Key Points About the Fall COVID-19 Vaccines:

  • Who should receive the updated 2024-25 COVID-19 vaccine? The CDC recommends that everyone aged 6 months and older receive the updated 2024-25 COVID-19 vaccine to protect against potentially serious outcomes, regardless of previous vaccination history.
  • When will the new vaccines be available? Updated COVID-19 vaccines from Moderna, Novavax, and Pfizer are expected to become available later this year, in August and September.
  • Why is it important to get the updated COVID-19 vaccine? The virus causing COVID-19, SARS-CoV-2, continuously evolves. Over time, the vaccines developed to combat COVID decline in effectiveness, making it crucial to receive the updated 2024-25 vaccine to enhance protection against the latest virus variants responsible for most infections and hospitalizations. Additionally, vaccination reduces the risk of long COVID, which can cause prolonged symptoms following an acute infection.
  • When is the ideal time to get the fall vaccine? Chin-Hong recommends getting the updated shot ahead of the anticipated winter surge, which typically peaks between December and January. “You don’t want to get it too early,” he said.

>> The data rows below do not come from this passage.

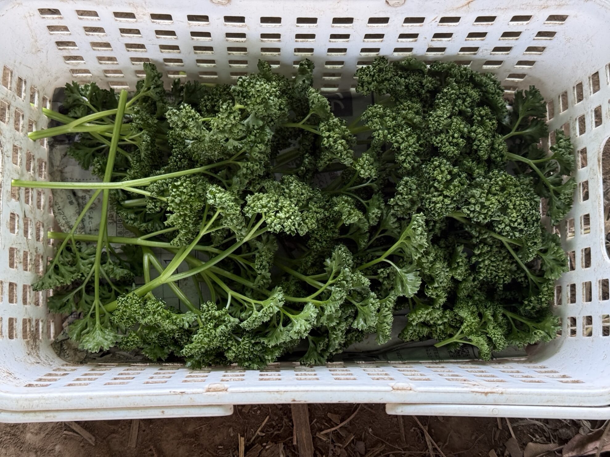 斉藤さん畑のビニールハウス内で、パセリの収穫作業。
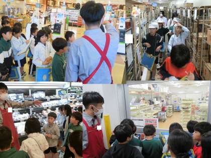 スーパーマーケットでは、バックヤードも見せていただき、たくさんの品物を運ぶ人、お弁当やお総菜をつくる人、肉や魚を切り分ける人など、多くの方が安全面や衛生面に気を付けて働いていらっしゃることがわかりました。
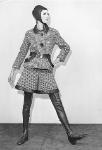 trousers, and in ‘64, he presented a collection of mini-shifts, bisected bi-colored outfits, with zigzags or
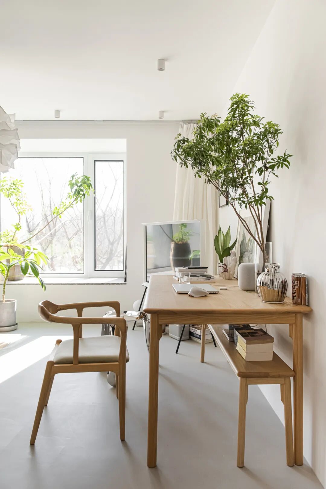 整个客厅都是充满氧气感的场域,我们没有死板的把所有物品都贴墙摆放,而是更集中一点,各自独立又互相包容。
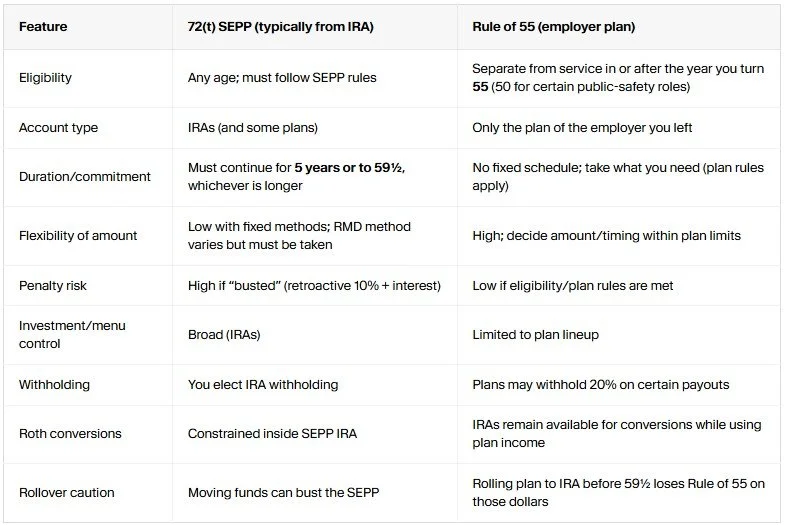 72(t) vs. Rule of 55 — Which option fits your situation better?
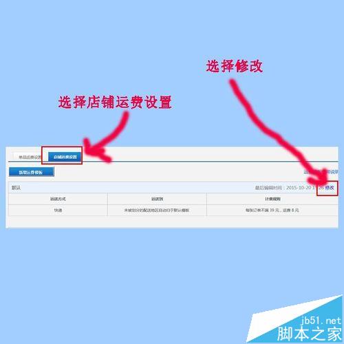 5、選擇“店鋪運費設(shè)置”,點擊“修改”;
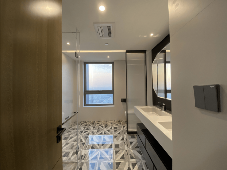 首层大堂约9米的超高挑空,设立了礼宾台及休息会客区,尊崇感十足.项目由新鸿基启胜物业提供了港式高标准的物业服务,包括管家、客服、24小时云端安防,以及各类定制服务.
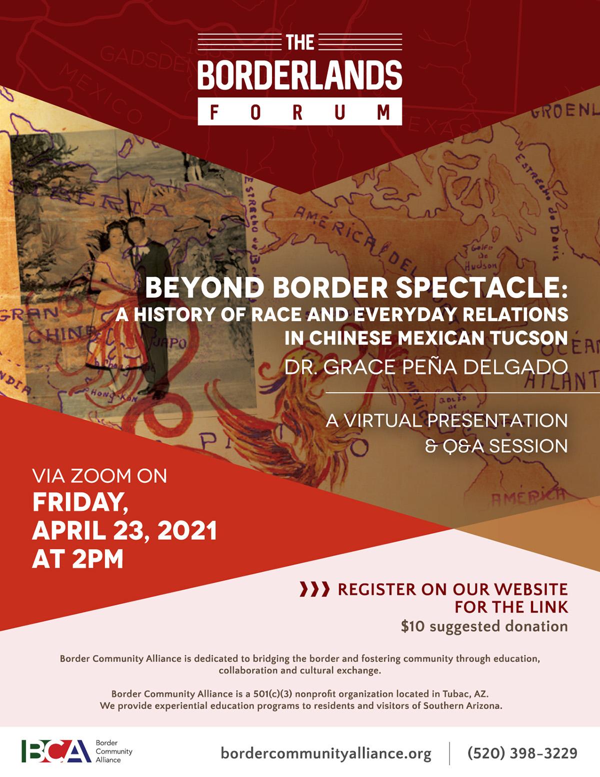 This talk is about the history of community ties and race in the making of southern Arizona borderlands. Dr. Grace Peña Delgado will explore why kin, kith, and interethnic relationships among Chinese and Mexican fronterizos (border people) were a critical mitigating force against anti-Asian hatred. Professor Delgado will also connect this episode of history to the current crisis at our southern border.
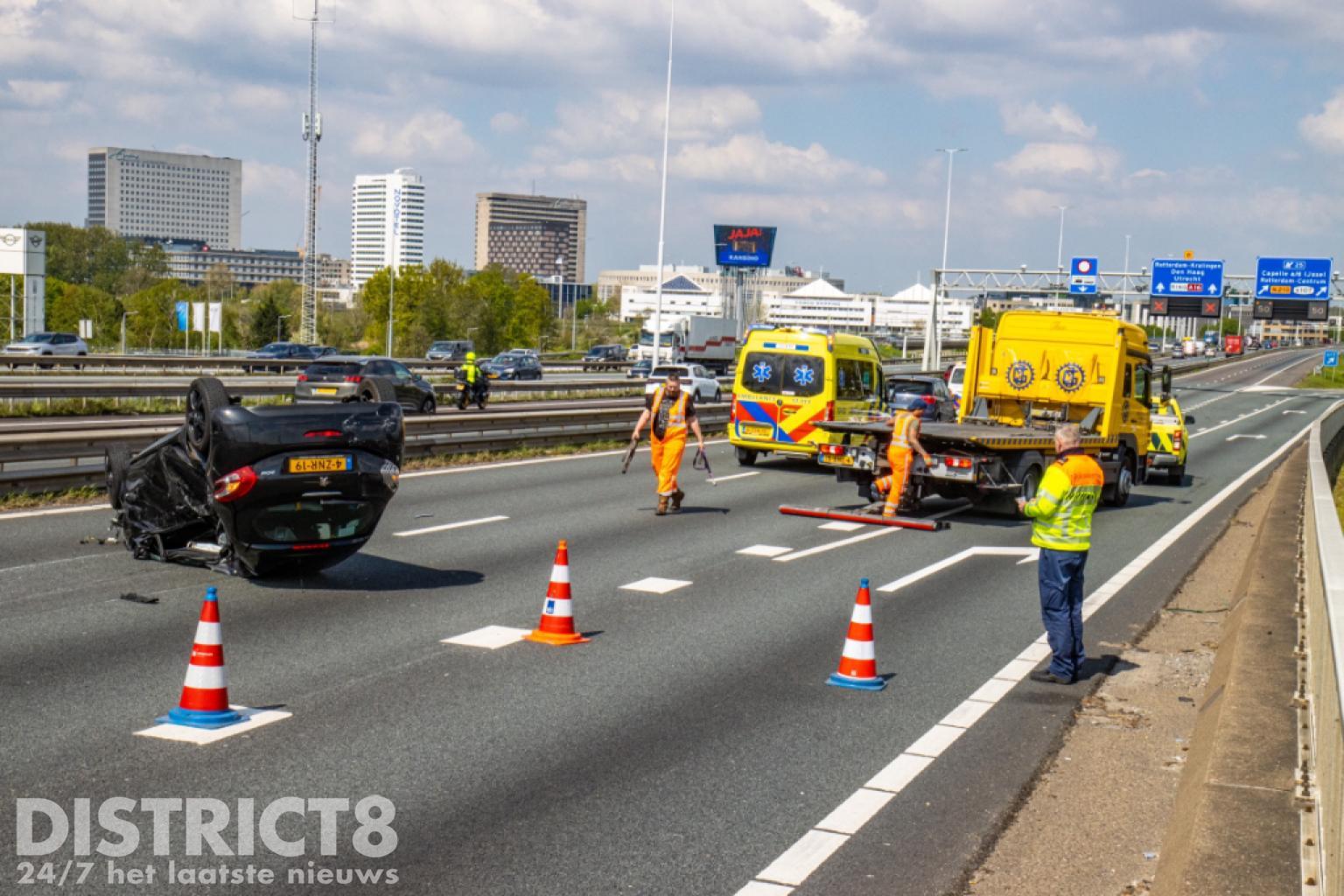 Rotterdam – Vrijdagmiddag heeft een ongeval plaatsgevonden op de A16 in Rotterdam. Het ongeval gebeurde net voorbij de Brienenoordbrug. Een auto was over de kop geslagen na een aanrijding. De auto heeft forse schade opgelopen. In elk geval een persoon was gewond geraakt. Voor het slachtoffer werd een traumahelikopter opgeroepen. Brandweerlieden hebben geholpen bij het incident.
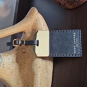 Marc Jacobs New York Black leather bag charm tag, 3.5 inches by 2 inches with adjustable strap. In excellent condition, no callouts. Beautiful charm tag is heavy with goldtone accent, and cross stitch grain black leather. Accessorize your handbag or luggage with this elegant luxurious piece. Ships from smoke-free and pet free home.
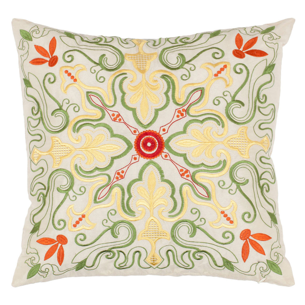The Bohemian chic look of Suzani embroidery is captured in 100 percent polyester accent pillows of 100% polyester. Brimming with rich detail and a global bazaar look, these pillows add exotic flair to any interior design scheme. Sold as set of two.
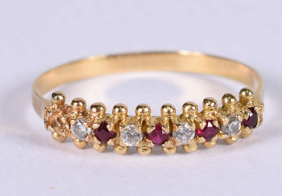 Meia aliança com brilhantes e rubis . Aro 16 ( Por questão de segurança a peça não se encontra na loja)
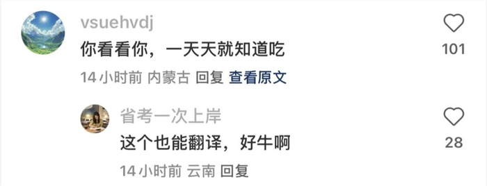 而且与其说是翻译,不如说是破译🥲,现在什么类型的“加密语言”在小红书评论区都无处遁形,翻译得那叫一个“信达雅”,堪比网上冲浪十级选手。
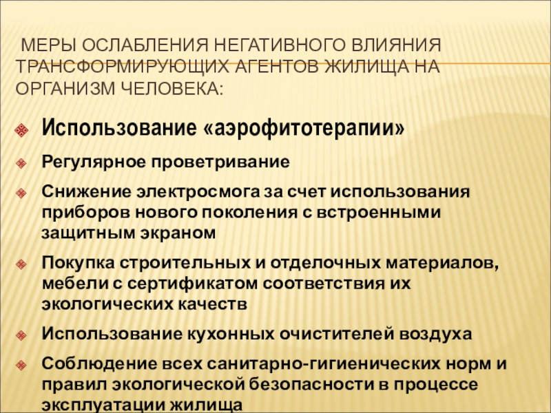 МЕРЫ ОСЛАБЛЕНИЯ НЕГАТИВНОГО ВЛИЯНИЯ ТРАНСФОРМИРУЮЩИХ АГЕНТОВ ЖИЛИЩА НА ОРГАНИЗМ ЧЕЛОВЕКА:
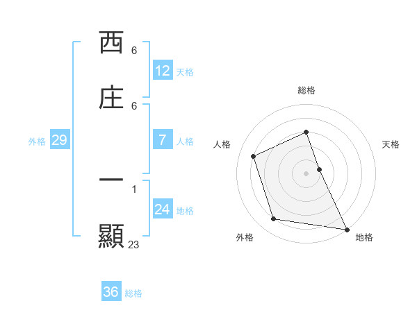 西庄 一顯さんの天格は12画の1点!
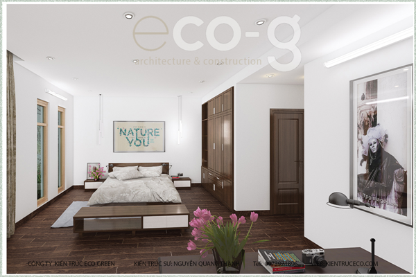 Với tiêu chí thiết kế làm sao để căn phòng trông thoáng mát, đồ đạc sắp xếp hợp lý trông rối mắt và cũng không được để căn phòng trống trải đơn sơ. Các kts Eco đã bàn luận và đưa ra mẫu phòng ngủ đúng như yêu cầu của Anh Cường này. căn phòng được lát sàn gỗ nâu óc chó, đây cũng là màu của bệ đỡ giường nằm và tủ quần áo, việc các đồ quan trọng cùng màu nâu làm căn phòng trông thanh nhã nhẹ nhàng hơn. Nếu màu sắc quá lòe loẹt sẽ khiến cảm giác mệt mỏi và gây khó ngủ hơn.
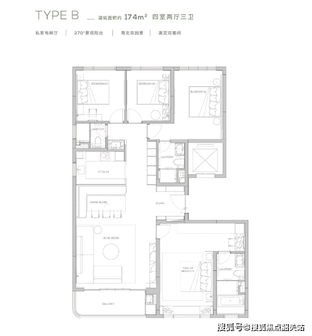 合生·缦云的所有楼栋均为16-17层的纯板式小高层设计,专梯专户的设计确保了住户的隐私性和舒适度。建筑外观采用轻质铝板幕墙搭配云翼曲线造型,既美观又实用。特别值得一提的是弧形阳台的设计,保留了完整的观景面,使每户都能享受到270°环幕包裹的视野。这种创新的空间美学设计,不仅提升了居住体验,也让建筑更好地融入周围环境,展现出独特的美感。
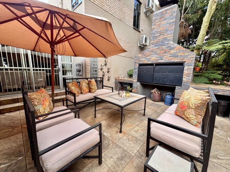 From the moment you enter the foyer, the layout draws you in. To the right, generous living spaces unfold effortlessly: a formal lounge warmed by a fireplace, a private office ideal for work-from-home living, and a spacious TV room. Both entertainment lounges open onto a well-designed outdoor area with a built-in braai, perfect for hosting, relaxing, or weekend gatherings. The dining room sits centrally, flowing seamlessly into a beautifully fitted kitchen with granite tops and a separate scullery.
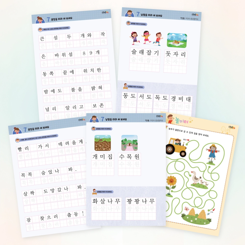국어 교과서 따라쓰기 1-2 시트지 모음 7(PDF / 7p / A4사이즈)
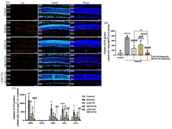 Quantitative analysis of the different retinal layers revealed that diabetes induced an increase in NT+ cells in RPE [1135.64 ± 245.12, ** p < 0.0010 compared to Control (10 ± 24.49)], outer plexiform layer (OPL) [690.92 ± 234.68, *p < 0.0161 compared to Control (100 ± 113.94)], INL [653.02 ± 173.59, *** p < 0.0006 compared to Control (100 ± 126.07)], GCL [485.42 ± 141.33, * p < 0.0258 compared to Control (100 ± 109.54)], but not in ONL (p > 0.05 compared to Control) (Figure 7C). AM1710 induced a statistically significant reduction in the number of NT+ cells in the previously mentioned layers (RPE: 0.85 ± 0.78, # p < 0.0177; OPL: 196.70 ± 81.43, # p < 0.0498; INL: 135.97 ± 56.89, # p < 0.0237; GCL: 150.79 ± 42.26, # p < 0.0451 compared to diabetic untreated) (Figure 7C). SR141716 reduced in a statistically significant manner only the number of NT+ cells in the GCL (RPE: 416.46 ± 353.76, p > 0.05; OPL: 204.94 ± 153.05, p > 0.05; INL: 351.74 ± 122.43, p > 0.05; GCL: 248.87 ± 112.53, # p < 0.0187 compared to Control) (Figure 7C). INL SR141716 also displayed a statistically significant difference with AM1710 (+ p < 0.0297 compared to AM1710) (Figure 7C). AM1710 + SR141716 also reduced nitrative stress in retinal layers (RPE: 60.70 ± 93.19, ### p < 0.0002; OPL: 58.30 ± 106.24, ## p < 0.0013; INL: 103.72 ± 106.57, ## p < 0.0033; GCL: 76.06 ± 81.55, ## p < 0.0037 compared to diabetic untreated) (Figure 7C).

Getting it sometime in October, right before Halloween, is advisable.
  • Is it too late for high-risk individuals to get a COVID-19 booster this summer? No, it’s not too late. High-risk individuals should get a jab between the annual shots. Vulnerable individuals can get the current vaccine this summer and still be eligible for a new shot in the fall. Health experts recommend a four-month interval between jabs.

“If you did not get the vaccine approved in the fall of 2023, I would go ahead and get it now if you are older than 65 or immunocompromised,” Chin-Hong said.